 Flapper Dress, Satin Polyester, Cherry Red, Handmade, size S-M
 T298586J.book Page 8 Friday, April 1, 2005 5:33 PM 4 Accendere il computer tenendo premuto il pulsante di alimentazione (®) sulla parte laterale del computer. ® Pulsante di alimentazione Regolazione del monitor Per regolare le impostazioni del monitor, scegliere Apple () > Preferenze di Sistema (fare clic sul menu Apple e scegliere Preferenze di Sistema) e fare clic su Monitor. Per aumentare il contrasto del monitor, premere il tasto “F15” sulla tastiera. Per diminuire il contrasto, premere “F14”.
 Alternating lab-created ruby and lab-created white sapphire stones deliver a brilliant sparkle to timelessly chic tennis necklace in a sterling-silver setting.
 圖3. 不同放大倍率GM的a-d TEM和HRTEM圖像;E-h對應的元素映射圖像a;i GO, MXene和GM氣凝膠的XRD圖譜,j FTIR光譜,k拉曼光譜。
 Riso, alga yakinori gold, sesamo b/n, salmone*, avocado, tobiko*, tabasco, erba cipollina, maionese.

---------------

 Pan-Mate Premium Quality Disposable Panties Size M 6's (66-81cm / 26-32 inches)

---------------

[Work to be completed]: Extract exactly and only the lines above from the line containing "Alternating lab-created ruby" through the line containing "Riso, alga yakinori", both end lines included.

[Expected output]:
 Alternating lab-created ruby and lab-created white sapphire stones deliver a brilliant sparkle to timelessly chic tennis necklace in a sterling-silver setting.
 圖3. 不同放大倍率GM的a-d TEM和HRTEM圖像;E-h對應的元素映射圖像a;i GO, MXene和GM氣凝膠的XRD圖譜,j FTIR光譜,k拉曼光譜。
 Riso, alga yakinori gold, sesamo b/n, salmone*, avocado, tobiko*, tabasco, erba cipollina, maionese.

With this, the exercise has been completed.